After landing, we first cleared immigration. Nothing interesting here. Then we collected our luggage from the belt. All good here.
Now it is Customs. We needed to declare everything we bring in other than clothes and toiletries. This means all cash, all books, all electronics including how many phones / computers / memory / camera equipment.
More specific with phones. It was taken from me for registration, then returned back to me. The officer who took my phone and passed it to someone else actually forgot to return it back to me, I had to chase him. My phone was off throughout, and it had a password as you do, so they did not check what was in my phone.
They do have the right to check for all contents in phones / computers / memories, but they did not do this to our tour group.
One of us in the tour group brought a book to read just for boredom. That was scrutinised. They do not allow anything which contains information on Korea (north), or religion.

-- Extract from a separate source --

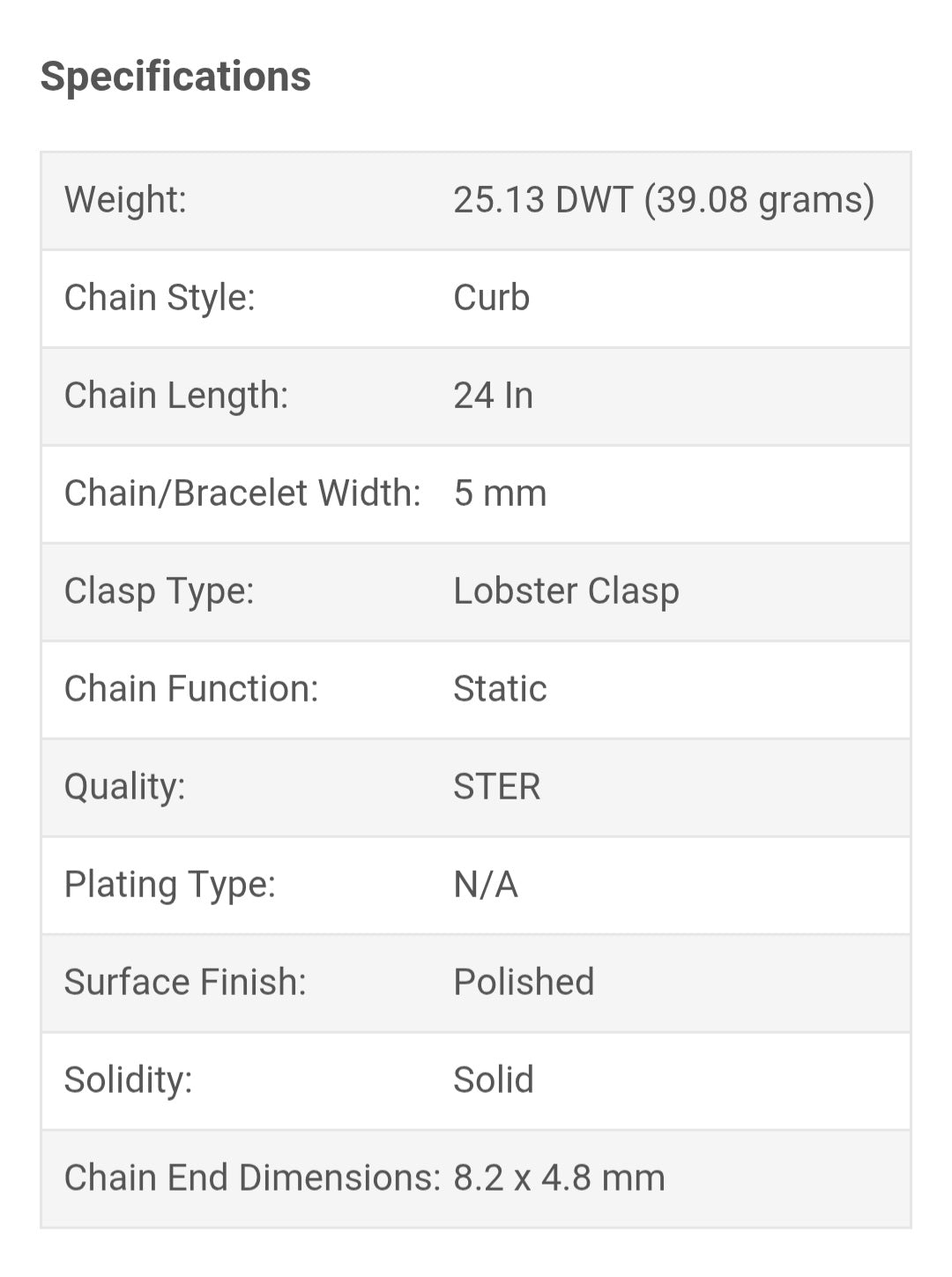 Command attention with this masterfully crafted Solid Sterling Silver Curb Chain. Boasting a substantial weight of 39.08 grams, this 24-inch piece offers a premium, solid feel that far surpasses hollow alternatives. Its 5mm width provides the perfect balance of bold presence and timeless sophistication, while the high-polished finish ensures a brilliant shine from every angle. Completed with a secure lobster clasp, this durable and classic chain is an essential investment for the modern wardrobe, designed to be worn with confidence for years to come.

Ironically, the Customs declaration form was printed in Korean + English + Chinese simplified, and one of the questions was whether I was carrying “drugs” in English but ‘narcotic’ in Chinese. There is a big difference between drugs and narcotics. I had prescription skin cream with me. Being Australian, I decided to follow English translation, and follow what AQIS always say, that is tick yes if you are not sure. Well, turned out they did not care about this at all.
We all cleared Customs, so we sat around and waited for our tour guide, except the American man who was nowhere to be seen. Few of us went around the airport, and eventually found him drinking at a bar on his own, without telling anyone. Remember that rule about how everyone must stay with the tour guide in Korea, nobody could leave on their own? Yep, this is the sign of what was to come for the next 6 days.